> [Problem] Scan the listing below and copy each line holding the word "keeping".

BEGIN Task material

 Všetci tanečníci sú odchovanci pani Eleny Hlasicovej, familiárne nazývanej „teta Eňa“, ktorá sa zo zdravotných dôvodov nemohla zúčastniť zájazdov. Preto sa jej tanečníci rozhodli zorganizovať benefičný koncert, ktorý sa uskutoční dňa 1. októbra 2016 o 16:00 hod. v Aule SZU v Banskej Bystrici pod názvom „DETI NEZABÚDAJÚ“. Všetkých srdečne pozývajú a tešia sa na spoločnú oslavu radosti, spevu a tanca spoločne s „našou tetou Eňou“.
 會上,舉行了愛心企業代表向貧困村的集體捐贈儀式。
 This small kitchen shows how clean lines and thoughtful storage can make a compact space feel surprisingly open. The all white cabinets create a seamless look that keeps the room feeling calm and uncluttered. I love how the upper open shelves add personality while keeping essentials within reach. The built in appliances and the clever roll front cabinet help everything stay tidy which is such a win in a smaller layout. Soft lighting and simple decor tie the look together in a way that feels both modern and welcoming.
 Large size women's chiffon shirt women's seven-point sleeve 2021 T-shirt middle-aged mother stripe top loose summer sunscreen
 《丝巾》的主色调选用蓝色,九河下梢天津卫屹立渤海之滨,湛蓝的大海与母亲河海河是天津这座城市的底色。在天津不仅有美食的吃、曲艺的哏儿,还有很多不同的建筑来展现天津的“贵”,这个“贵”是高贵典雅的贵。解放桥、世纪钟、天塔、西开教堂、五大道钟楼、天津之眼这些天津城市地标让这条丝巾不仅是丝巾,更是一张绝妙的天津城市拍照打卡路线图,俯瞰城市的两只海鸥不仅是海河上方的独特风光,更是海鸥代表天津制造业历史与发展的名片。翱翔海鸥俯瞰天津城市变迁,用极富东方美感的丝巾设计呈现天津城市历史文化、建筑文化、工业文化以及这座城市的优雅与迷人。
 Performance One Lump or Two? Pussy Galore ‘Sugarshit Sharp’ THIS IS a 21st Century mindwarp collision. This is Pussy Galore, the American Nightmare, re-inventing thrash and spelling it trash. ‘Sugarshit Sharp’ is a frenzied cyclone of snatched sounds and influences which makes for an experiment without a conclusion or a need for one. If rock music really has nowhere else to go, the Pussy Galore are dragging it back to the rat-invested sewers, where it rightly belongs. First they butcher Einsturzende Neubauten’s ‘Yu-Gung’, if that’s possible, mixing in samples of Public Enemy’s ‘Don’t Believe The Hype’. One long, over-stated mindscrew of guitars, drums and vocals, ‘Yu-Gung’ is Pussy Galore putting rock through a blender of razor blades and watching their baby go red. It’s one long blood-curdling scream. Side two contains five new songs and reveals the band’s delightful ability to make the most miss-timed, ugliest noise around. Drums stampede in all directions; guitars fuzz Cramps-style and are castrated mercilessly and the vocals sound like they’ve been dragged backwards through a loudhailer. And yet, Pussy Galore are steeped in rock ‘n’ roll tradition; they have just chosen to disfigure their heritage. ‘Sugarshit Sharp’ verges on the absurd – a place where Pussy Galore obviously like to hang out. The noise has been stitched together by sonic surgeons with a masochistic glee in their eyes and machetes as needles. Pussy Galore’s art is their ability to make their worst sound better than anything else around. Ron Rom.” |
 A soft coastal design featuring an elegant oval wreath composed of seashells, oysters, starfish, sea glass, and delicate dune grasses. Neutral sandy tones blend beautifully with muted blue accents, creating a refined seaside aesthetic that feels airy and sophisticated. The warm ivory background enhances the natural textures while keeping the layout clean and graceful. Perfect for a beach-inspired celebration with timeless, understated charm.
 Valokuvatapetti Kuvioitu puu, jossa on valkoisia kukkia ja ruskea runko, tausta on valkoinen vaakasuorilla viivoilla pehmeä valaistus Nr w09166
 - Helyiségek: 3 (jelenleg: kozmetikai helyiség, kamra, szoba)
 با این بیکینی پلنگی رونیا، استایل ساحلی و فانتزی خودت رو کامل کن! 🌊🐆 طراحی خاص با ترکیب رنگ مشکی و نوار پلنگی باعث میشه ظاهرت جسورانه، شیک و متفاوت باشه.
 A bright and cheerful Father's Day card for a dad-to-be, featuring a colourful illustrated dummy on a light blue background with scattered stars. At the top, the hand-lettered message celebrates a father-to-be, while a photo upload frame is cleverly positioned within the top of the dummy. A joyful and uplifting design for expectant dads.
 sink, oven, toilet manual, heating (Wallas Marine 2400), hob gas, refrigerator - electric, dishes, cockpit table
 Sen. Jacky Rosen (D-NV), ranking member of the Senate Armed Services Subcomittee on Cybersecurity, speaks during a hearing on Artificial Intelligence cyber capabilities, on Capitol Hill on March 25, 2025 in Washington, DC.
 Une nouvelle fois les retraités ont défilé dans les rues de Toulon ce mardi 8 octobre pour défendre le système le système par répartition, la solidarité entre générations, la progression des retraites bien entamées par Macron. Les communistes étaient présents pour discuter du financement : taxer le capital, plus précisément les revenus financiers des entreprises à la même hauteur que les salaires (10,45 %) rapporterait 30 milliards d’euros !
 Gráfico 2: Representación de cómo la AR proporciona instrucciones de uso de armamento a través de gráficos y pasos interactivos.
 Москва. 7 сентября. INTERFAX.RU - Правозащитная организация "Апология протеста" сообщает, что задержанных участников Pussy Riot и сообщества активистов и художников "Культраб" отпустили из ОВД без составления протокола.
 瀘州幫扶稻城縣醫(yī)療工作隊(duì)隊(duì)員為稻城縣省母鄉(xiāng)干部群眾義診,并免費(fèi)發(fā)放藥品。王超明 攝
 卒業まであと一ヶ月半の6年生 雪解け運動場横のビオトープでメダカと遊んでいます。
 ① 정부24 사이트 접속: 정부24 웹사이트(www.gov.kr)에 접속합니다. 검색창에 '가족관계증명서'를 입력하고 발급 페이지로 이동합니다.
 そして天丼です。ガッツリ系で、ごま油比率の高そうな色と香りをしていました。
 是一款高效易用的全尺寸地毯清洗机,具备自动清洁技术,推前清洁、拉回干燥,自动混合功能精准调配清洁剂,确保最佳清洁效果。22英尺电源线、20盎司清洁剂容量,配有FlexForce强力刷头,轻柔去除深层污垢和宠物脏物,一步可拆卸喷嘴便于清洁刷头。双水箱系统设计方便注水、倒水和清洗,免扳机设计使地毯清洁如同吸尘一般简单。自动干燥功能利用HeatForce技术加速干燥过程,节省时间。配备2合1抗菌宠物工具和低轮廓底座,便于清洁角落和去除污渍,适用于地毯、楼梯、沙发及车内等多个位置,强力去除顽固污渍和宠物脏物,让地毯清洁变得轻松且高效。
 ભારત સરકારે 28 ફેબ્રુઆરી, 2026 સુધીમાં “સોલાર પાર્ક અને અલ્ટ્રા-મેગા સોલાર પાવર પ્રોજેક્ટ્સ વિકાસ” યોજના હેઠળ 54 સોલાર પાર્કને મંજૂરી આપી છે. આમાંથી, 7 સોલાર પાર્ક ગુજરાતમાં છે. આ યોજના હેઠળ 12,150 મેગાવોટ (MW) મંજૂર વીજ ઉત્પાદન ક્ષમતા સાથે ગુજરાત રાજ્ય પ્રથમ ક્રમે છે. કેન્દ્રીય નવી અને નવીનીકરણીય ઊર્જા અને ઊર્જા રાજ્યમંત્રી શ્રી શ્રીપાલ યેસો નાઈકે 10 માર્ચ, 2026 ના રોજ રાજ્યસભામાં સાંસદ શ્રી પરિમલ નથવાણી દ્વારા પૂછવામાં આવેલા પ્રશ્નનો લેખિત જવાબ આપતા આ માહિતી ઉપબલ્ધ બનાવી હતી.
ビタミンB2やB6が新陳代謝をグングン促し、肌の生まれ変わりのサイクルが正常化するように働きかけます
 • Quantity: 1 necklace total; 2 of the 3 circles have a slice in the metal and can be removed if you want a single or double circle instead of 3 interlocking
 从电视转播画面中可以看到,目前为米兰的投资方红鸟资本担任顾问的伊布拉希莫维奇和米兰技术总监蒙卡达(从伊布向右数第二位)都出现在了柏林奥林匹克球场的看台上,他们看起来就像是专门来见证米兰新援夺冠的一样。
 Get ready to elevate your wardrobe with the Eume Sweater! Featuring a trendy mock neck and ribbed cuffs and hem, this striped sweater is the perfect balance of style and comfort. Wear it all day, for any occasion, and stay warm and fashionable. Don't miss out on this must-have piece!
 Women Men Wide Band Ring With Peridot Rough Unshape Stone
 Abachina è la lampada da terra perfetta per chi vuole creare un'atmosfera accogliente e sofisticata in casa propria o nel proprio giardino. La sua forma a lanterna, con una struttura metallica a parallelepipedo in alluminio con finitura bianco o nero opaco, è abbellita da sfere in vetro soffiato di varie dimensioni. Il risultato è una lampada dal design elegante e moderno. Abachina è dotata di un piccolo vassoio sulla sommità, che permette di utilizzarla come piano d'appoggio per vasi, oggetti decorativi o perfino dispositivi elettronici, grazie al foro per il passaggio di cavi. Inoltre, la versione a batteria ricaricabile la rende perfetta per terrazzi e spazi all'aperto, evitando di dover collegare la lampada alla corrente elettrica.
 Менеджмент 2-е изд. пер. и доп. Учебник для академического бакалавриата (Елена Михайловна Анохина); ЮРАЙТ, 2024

END Task material

> [Written solution]
 This small kitchen shows how clean lines and thoughtful storage can make a compact space feel surprisingly open. The all white cabinets create a seamless look that keeps the room feeling calm and uncluttered. I love how the upper open shelves add personality while keeping essentials within reach. The built in appliances and the clever roll front cabinet help everything stay tidy which is such a win in a smaller layout. Soft lighting and simple decor tie the look together in a way that feels both modern and welcoming.
 A soft coastal design featuring an elegant oval wreath composed of seashells, oysters, starfish, sea glass, and delicate dune grasses. Neutral sandy tones blend beautifully with muted blue accents, creating a refined seaside aesthetic that feels airy and sophisticated. The warm ivory background enhances the natural textures while keeping the layout clean and graceful. Perfect for a beach-inspired celebration with timeless, understated charm.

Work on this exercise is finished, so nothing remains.